In the interests of transparency, eLife publishes the most substantive revision requests and the accompanying author responses.

Acceptance summary:

This work, which characterizes the genetic diversity and spread of ancient viruses circulating in the Americas during the Colonial era, a period marked by the emergence of epidemics in the continent, the cruel slave trade, and the contact between Indigenous and non-Indigenous peoples, will be of interest to microbiologists, anthropologists, and anyone interested in the intersection of history and infectious disease.

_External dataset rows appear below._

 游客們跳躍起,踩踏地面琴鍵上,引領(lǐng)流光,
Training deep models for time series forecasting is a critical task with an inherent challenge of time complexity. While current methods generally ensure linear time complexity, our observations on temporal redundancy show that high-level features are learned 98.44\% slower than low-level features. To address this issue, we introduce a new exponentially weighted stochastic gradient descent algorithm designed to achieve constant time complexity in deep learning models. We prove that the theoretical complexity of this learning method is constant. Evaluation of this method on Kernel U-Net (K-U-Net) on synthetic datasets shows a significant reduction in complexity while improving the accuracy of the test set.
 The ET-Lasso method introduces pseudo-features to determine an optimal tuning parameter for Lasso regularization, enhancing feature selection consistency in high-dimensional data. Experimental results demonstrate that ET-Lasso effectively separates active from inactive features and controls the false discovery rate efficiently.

With appropriate research ethics in place, the authors demonstrate that respectful destructive analyses of ancient DNA from teeth collected from individuals dated to Colonial period Mexico can uncover the source and impact of infectious diseases introduced to the Americas with European colonization.

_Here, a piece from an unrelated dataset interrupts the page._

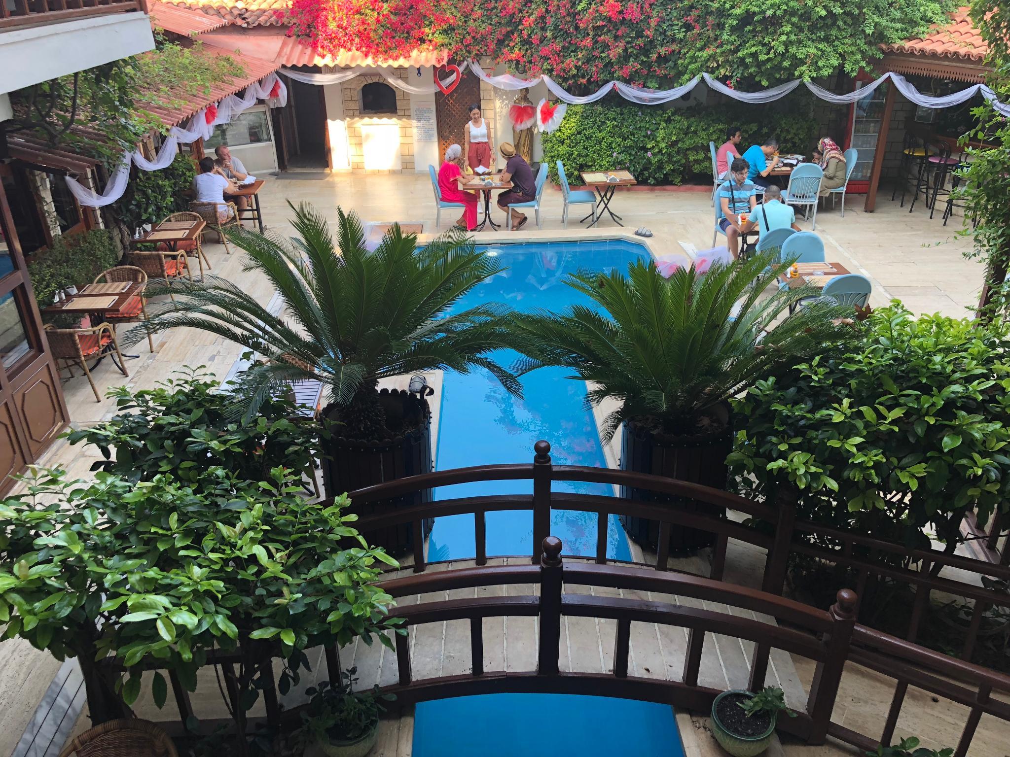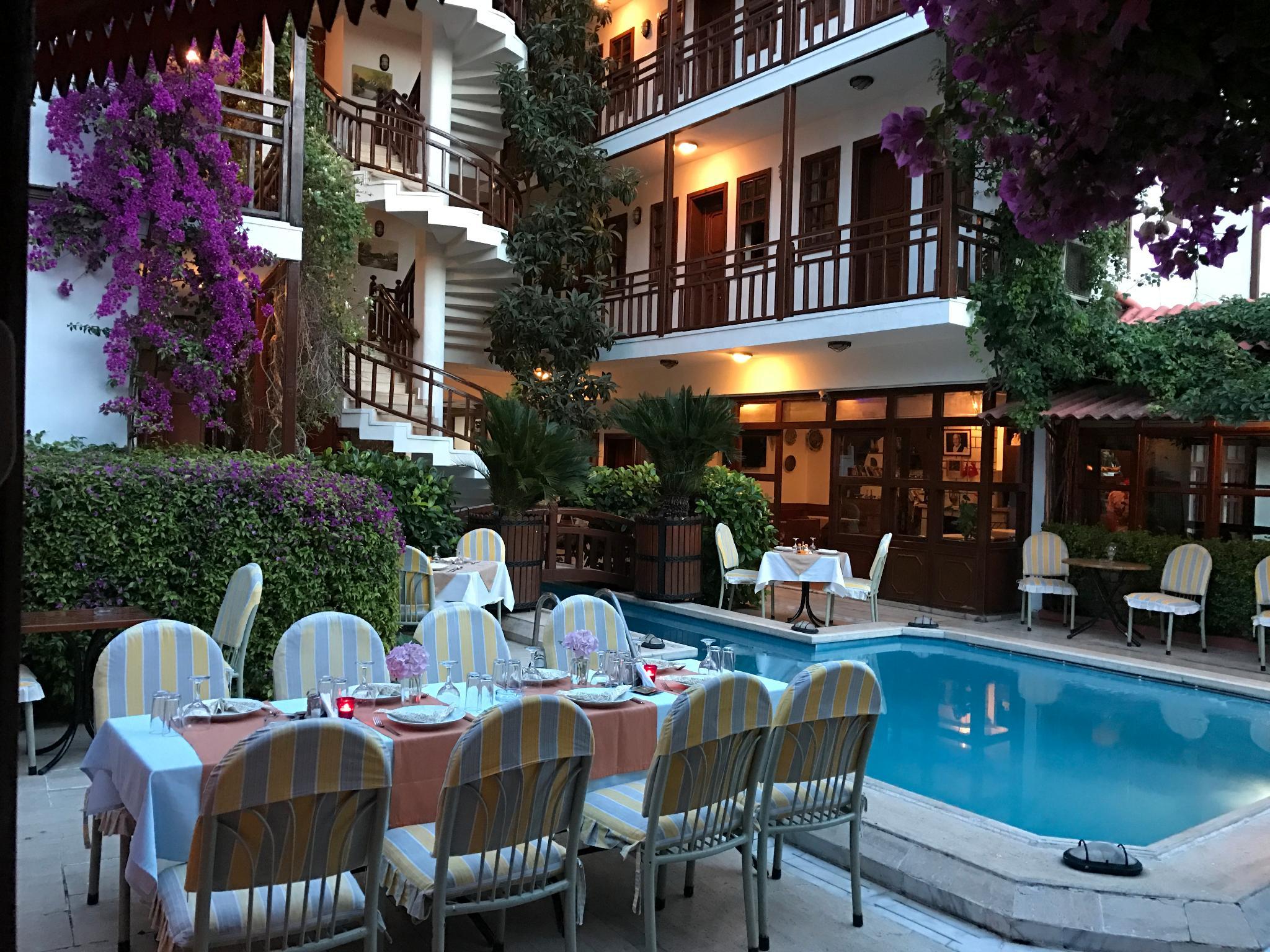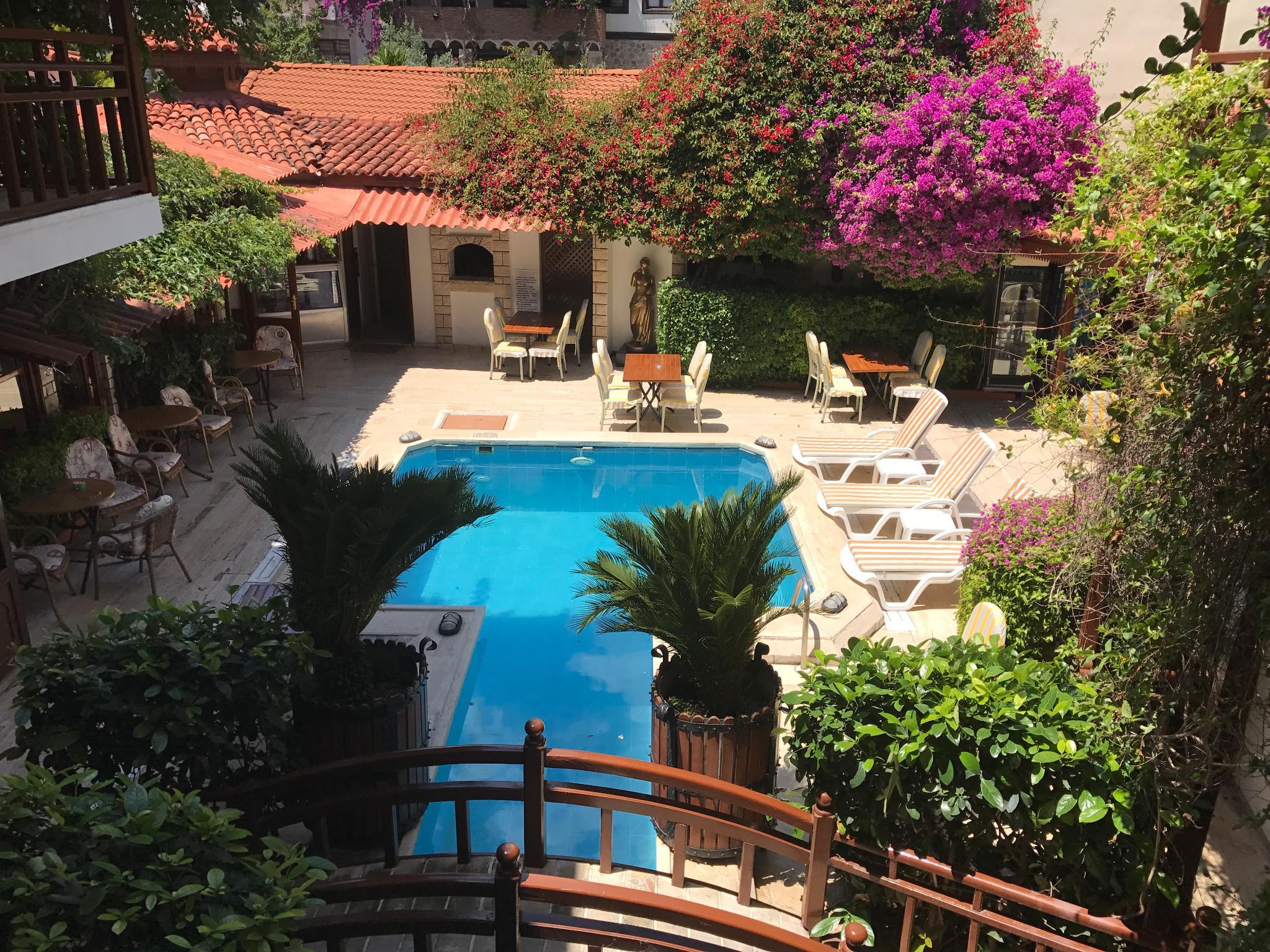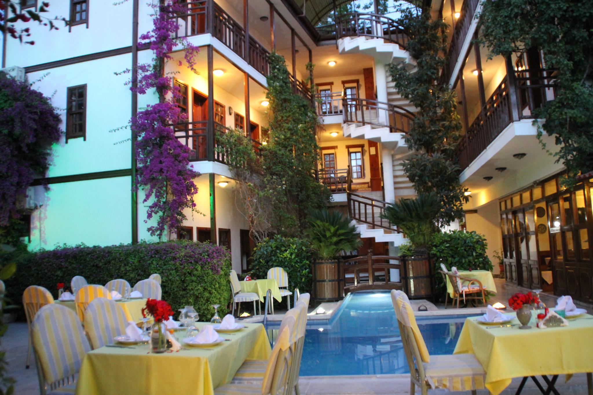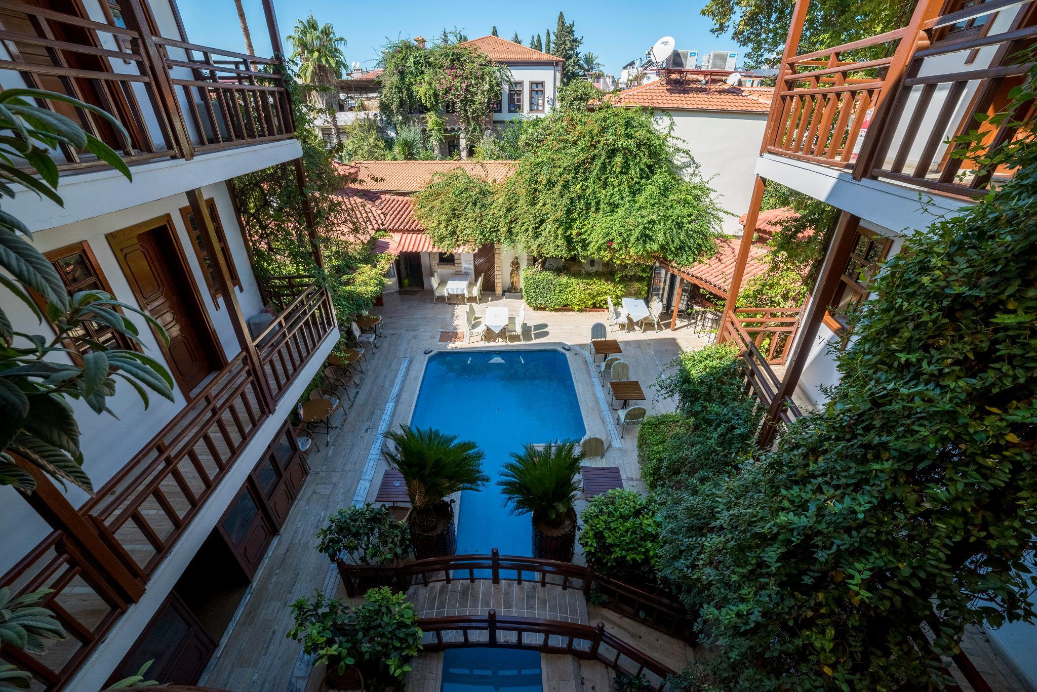 Отель расположен в старом городе Калеичи, в нескольких минутах ходьбы от гавани. Центр Анталии, с его ресторанами, барами, остановками общественного транспорта и торговыми центрами находится всего в 150 метрах от отеля, галечный пляж – примерно в 200 метрах от отеля, городской парк – в 50 метрах, а расстояние до аэропорта примерно 15 км. Этот тихий, удобный городской отель был реконструирован в 2005 году и находится в окружении прекрасного сада. Отель включает в себя в общей сложности 30 номеров, из которых 3 приспособлены для людей с ограниченными физическими возможностями, на 3 этажах. К услугам гостей отеля – кафе, бар, а также ресторан, в котором подаются вкусные турецкие блюда. Также в отеле есть бассейн с детской зоной и снэк-бар у бассейна. Для развлечения гостей предлагаются специальные " турецкие ночи ", со шведским столом и живой музыкой.

Decision letter after peer review:

Thank you for submitting your article "Ancient viral genomes reveal introduction of HBV and B19V into Mexico during the transatlantic slave trade" for consideration by eLife. Your article has been reviewed by 3 peer reviewers, and the evaluation has been overseen by George Perry as the Senior and Reviewing Editor. The following individuals involved in review of your submission have agreed to reveal their identity: C. Eduardo Amorim (Reviewer #1); Charlotte J Houldcroft (Reviewer #2).

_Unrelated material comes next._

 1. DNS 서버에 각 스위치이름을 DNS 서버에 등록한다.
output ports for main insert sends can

The reviewers have discussed their reviews with one another, and the Reviewing Editor has drafted this to help you prepare a revised submission.

Essential Revisions (for the authors):

The reviewers individually and collectively offered praise of your study and its potential for eLife. I agree with their assessment. Some excellent reviewer discussions are appended below for your consideration as you revise. There are several points on which expanded detail is required, and other suggestions concerning the balance between the results and discussion. In our consultation session we focused primarily on developing consensus around how to address the question that was consistently raised by the reviewers – what about the bacterial pathogen data? Ultimately, our consensus is that (i) we encourage you to expand on these results as much as possible in the present study. However, (ii) if you prefer to not present the full bacterial results in this study (perhaps due to a forthcoming study with that focus), then at the very least you still need to present an overview of the metagenomic content of the shotgun libraries and address this directly. In addition, considerably further detail into mapping results across all stages of the analysis needs to be provided in order for the reviewers (and future readers) to more fully assess the strength of your results.

Reviewer #1:

In my opinion, the major strength of this work is its novelty regarding its questions, results, and ethical imperative of preventing misinterpretation of the results and the stigmatization of the studied subjects/communities. The latter aspect, although only briefly highlighted in the manuscript, is of utmost importance for human population genetics studies in general and for ancient DNA studies in particular, since these studies are reaching the general public beyond academia and research results are often misinterpreted and misused.

Although it is widely known that colonial epidemics had a strong impact on Indigenous populations from the Americas, there is still much speculation on the etiology of these epidemics and direct molecular evidence for the presence of specific viruses is lacking. In this context, Guzmán-Solís et al.'s work pioneer into addressing these questions using state-of-the-art methods and techniques in the genomic sciences. Their results represent the initial steps into characterizing ancient viruses and their spread into the continent during the Colonial era. This manuscript offers a concrete example of how human migrations shaped pathogen dispersal, challenges views about the etiology of colonial epidemics, and adds new evidence for the presence of African viral strains in the Americas. In addition, the phylogenetic contextualization of these ancient viruses sheds new light on the genetic diversity of HBV and B19V in different time transects and the history of the spread of their associated diseases around the world. Authors' claims and conclusions are fully justified by their data and the study is technically sound. I envision Guzmán-Solís et al.'s findings being of interest for scholars from diverse fields which include, human genetics, virology, epidemiology, history of medicine, archaeogenetic, phylogenetics, anthropology, among others.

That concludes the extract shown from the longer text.